The general structure of a single block is:
BEGIN MYNAME DESCRIPTOR DATA END MYNAME
where MYNAME is a user-defined block name which must be unique, DESCRIPTOR is a comma-separated sequence of data descriptors, and DATA are the actual data. DESCRIPTOR contains at least 3 values:
- type
- kind
- size
- dimension
where type is either int for integer, real for real or char for character. kind can be either scalar or array . size is the storage size in bit for a single value, for integer and real it should be 64, for character it should be the storage size of the longest character string in an array of strings. If kind is set to array , dimension is a vector of comma-separated values containing the dimensions of the array, where the length of the vector determines the number of dimensions. That is, for a one-dimensional array the vector is of length one, for two-dimensional the length is two and for three-dimensional the length is three.
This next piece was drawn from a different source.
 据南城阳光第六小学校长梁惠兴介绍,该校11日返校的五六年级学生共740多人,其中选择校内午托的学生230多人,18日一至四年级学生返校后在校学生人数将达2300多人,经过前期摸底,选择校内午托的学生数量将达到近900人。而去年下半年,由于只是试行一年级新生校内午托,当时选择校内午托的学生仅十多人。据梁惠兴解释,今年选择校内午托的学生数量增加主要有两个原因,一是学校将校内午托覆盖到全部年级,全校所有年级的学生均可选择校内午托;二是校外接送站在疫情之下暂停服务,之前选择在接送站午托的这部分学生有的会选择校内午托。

Currently only one, two and three dimensional arrays are supported.
A block file in csv format containing an integer scalar, an integer vector, a real matrix, and a real scalar maybe:
BEGIN a int,scalar,64 5 END a BEGIN b int,array,64,2 1 2 END b BEGIN c real,array,64,2,2 5,5 5,5 END c BEGIN d real,scalar,64 5 END d
In binary format, BEGIN MYNAME , END MYNAME and DESCRIPTOR are stored in 50 byte character strings which must not be null terminated.
lmt will assume block format for all files with file name suffix .bin and .blkcsv .